Is there hope for Europe?

What then could a hope for Europe look like? For a Europe that is more than pro or contra Brussels and protected external borders? Is there a common longing for Our Europe? Continent Branding - Europe as a desirable counter longing to China, Russia and the USA ...

Let us listen once again to Ernst Bloch: "Man still lives everywhere in prehistory, indeed everything and everything still stands before the creation of the world, as a right one. The real genesis is not at the beginning but at the end, and it only begins when society and existence become radical, that is, when they take hold of themselves at the root. The root of history, however, is man who works, creates, transforms and overtakes realities. When he has grasped himself and established his own without alienation and alienation in real democracy, then something arises in the world that shines into everyone's childhood and in which no one has yet been: home."

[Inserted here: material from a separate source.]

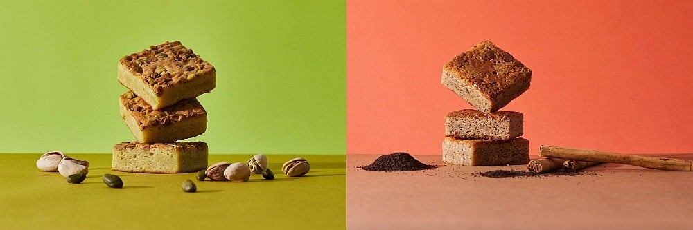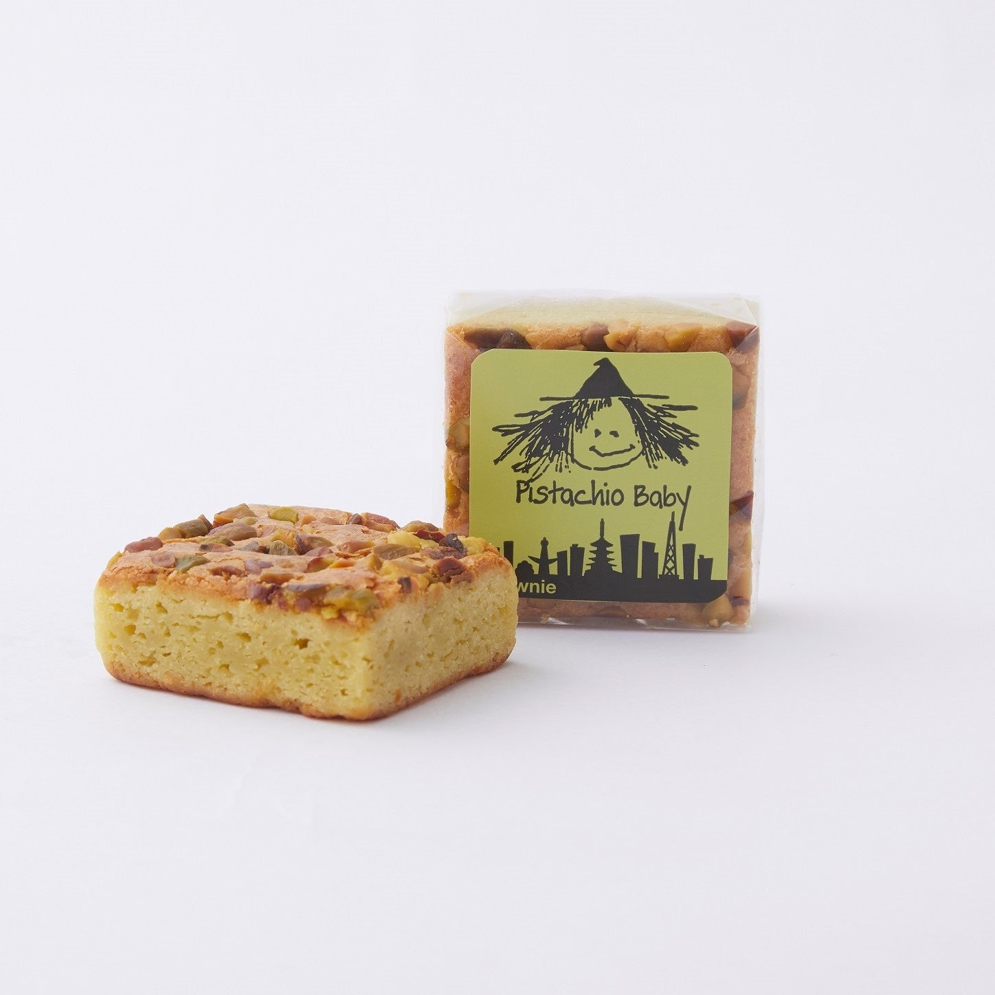 しっとりブラウニー生地にたっぷりのピスタチオペーストを練りこみ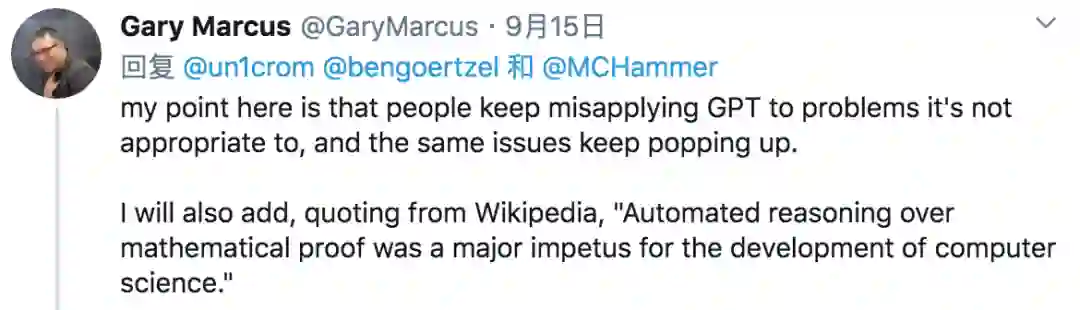 Robust.AI、Geometric Intelligence 两家 AI 公司的创始人,研究人工智能领域多年的科学家 Gary Marcus 认为,“就像 GPT-3 不是研究真正人类语言的正确方向一样……, GPT-f 并不是达到真正人类水平 (更不用说超越人了) 的数学定理证明的正确研究方向。”

Storysharers step forward!

Our fragile times need stories, storytellers and even more: story sharers. Stories are like countries and people, they only come alive in the we.

The ability to tell stories has been programmed into us humans by evolution. Let's use this ability to create hope, shared hope! This makes us stronger than we would be alone.

That makes every country a promised land, as it is meant to be. And it doesn't matter whether this country has a government, or a management, or a board of directors. Or whether this country has only one inhabitant, who is you yourself.

Stories respectfully engage us in conversation with our audience when the story is relevant to both. That's how it's done today, beyond advertising.

And that is why my grandmother, old Story Dudette, wrote to good Friedrich Schiller in the margin of his manuscript of the "Ode to Joy" with a delicate stroke the wise words: "No Story. No Glory."